Gira questa voce divertentissima secondo la quale la Paramount ha licenziato Stephen Sommers, sollevandolo dalla regia di G.I. Joe.
Credo sia davvero raro che succeda un macello simile a un film di tale budget, nel bel mezzo della campagna promozionale e a così poco tempo dall’uscita prevista (7 agosto). È una mossa assurda che denota una situazione di panico allarmante, e una totale mancanza di stile. Un po’ come licenziare l’allenatore a due partite dalla fine del campionato.

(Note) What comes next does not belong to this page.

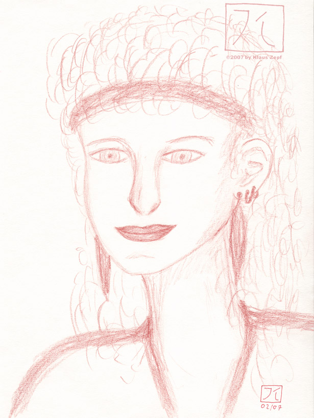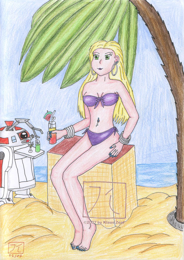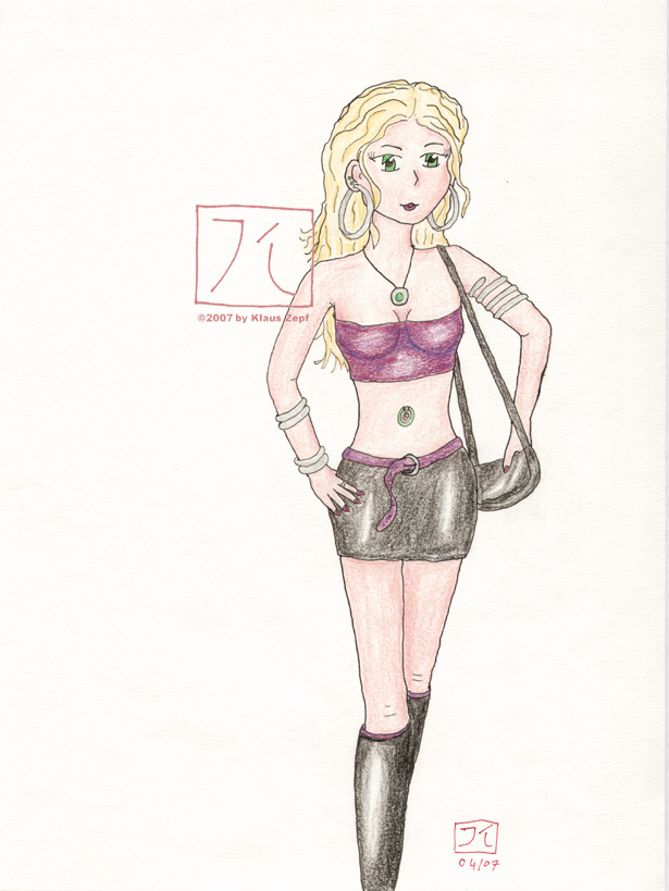 Mel – aka. Trance – stands 1,76 meters tall with a slender build, except for her slightly above average bust size. After her body had been modified for an undercover mission as a pleasure slave, a large tattoo of a blue-scaled dragonserpent curled several times around her entire body from her left ankle all the way to her right shoulder. Only later she found out that it was permanent, contrary to what had been promised. Most of the other modifications have gone in the meantime, so that her hair has grown out the blue part and is now blonde again, and her facial tattoos have faded so they are almost unnoticeable now. During the time her body was suspended her earlobes which had been stretched to 4 cm size have retired to almost an inch. Mel usually wears a pair of metallic-blue triskelion-plugs, but she can also be seen wearing simple silver flesh tunnels or other pieces of jewelry in her earlobes. She also continues to wear a belly-button piercing with a blue gem, as well as her nipple rings. Rarely she sticks out her tongue to show her tongue-piercing. When she left her new-found family she also accepted their gift in form of a ring for her stretched septum. Although she had never been happy with a nose ring as it had always been a token of slavery for her and reminded her of her own time as a pleasure slave, but Shanta had correctly argued that it made her look sufficiently different so she could more easily avoid recognition.

Ma cos’è successo esattamente?
Stando a fonti di cui consigliano di fidarsi, a Stephen Sommers – vai a sapere perché – è stata data carta bianca, e ci è venuto fuori qualcosa di impresentabile. Ma molto impresentabile. Talmente impresentabile che, a quanto pare, i primi test screening hanno ottenuto i peggiori punteggi nella storia della Paramount. Quindi sì, peggio di Van Helsing (stento anch’io a crederlo). Roba da far rizzare i capelli. Per cui Stephen è stato licenziato in tronco e tenuto fuori dalla sala montaggio, dove tutt’ora Stuart Baird (montatore di Casino Royale e di quasi tutti i film di Richard Donner) sta riparando il riparabile.

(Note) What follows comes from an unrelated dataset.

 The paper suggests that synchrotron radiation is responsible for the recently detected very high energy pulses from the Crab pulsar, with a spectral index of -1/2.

Prima di pubblicare questa cosa ho aspettato che uscisse la smentita ufficiale, e prontamente Lorenzo Di Bonaventura (colui che ha dato carta bianca a Sommers, e a quanto pare pure lui ora esonerato dall’incarico) ha fatto sapere che “sono tutte calunnie, il film ha dato ottimi risultati ai test“, non citando la situazione precisa di Sommers e non convincendo nemmeno suo nipote di 8 anni. Quindi insomma, via libera alle risate.
Ora gli studios ovviamente vorranno negare, tenere tutto il più possibile sotto silenzio e salvare il salvabile, o si prospetta un tonfo al botteghino di quelli memorabili. Ma è il tipo di storia a cui oramai crederò ciecamente fino a quando non mi mostreranno un filmato in tempo reale di Sommers che finisce di montare il film e lo consegna di persona al cinema dove proiettano la prima.
Detto questo, noi dei 400 calci stiamo organizzando una petizione affinché in sala esca la versione di Sommers che ha fatto il primo test, che se è rimasto un solo motivo per andare a vedere questo film è per ridergli dietro in libertà.
Firmate nei commenti, e godetevi il trailer:

Povero Collo, poteva essere il suo momento di gloria.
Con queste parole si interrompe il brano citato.